» **THE PROBLEM**: Beginning with the line of the entries below that holds "USDA Organic Ashwagandha" and ending with the line that holds "最后再到臥室吧,臥室背景墻非常簡單,但卻是點睛之筆。木色用得非常徹底。", transcribe each line exactly as written. Pictures stay out.

» **GIVEN DATA**:
════

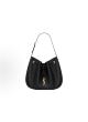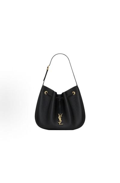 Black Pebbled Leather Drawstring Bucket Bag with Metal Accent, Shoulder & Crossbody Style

════

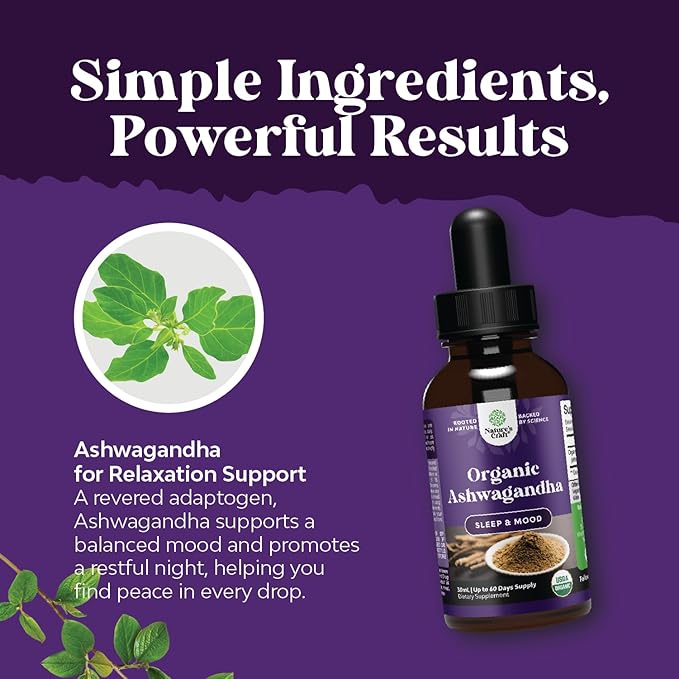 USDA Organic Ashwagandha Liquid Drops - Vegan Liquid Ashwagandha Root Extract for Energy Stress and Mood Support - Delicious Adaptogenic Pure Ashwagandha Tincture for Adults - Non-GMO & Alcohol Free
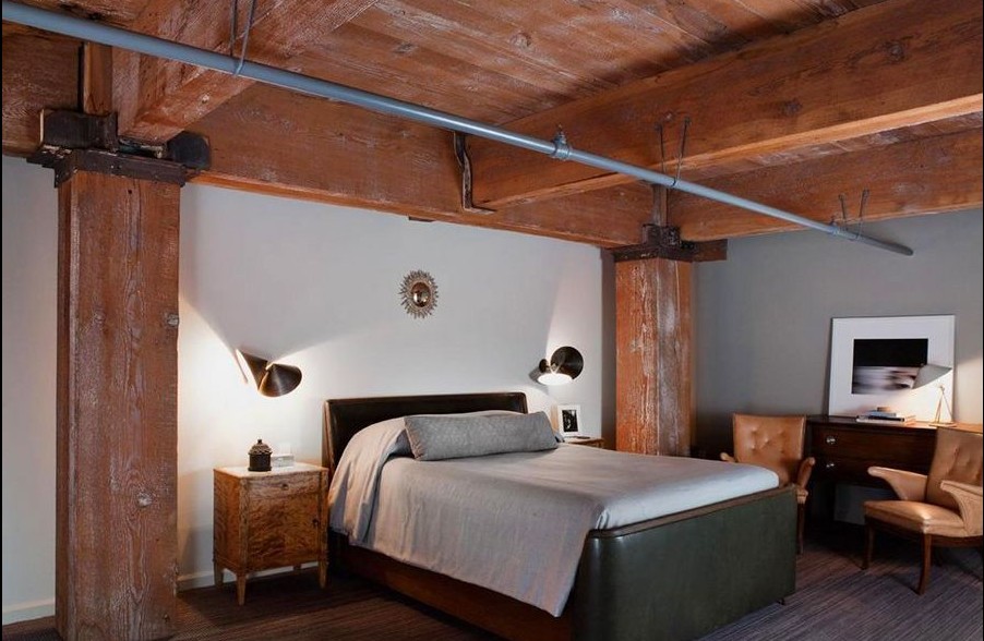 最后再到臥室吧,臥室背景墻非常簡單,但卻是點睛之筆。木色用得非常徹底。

════

» **RESPONSE TO THE TASK**:
 USDA Organic Ashwagandha Liquid Drops - Vegan Liquid Ashwagandha Root Extract for Energy Stress and Mood Support - Delicious Adaptogenic Pure Ashwagandha Tincture for Adults - Non-GMO & Alcohol Free
 最后再到臥室吧,臥室背景墻非常簡單,但卻是點睛之筆。木色用得非常徹底。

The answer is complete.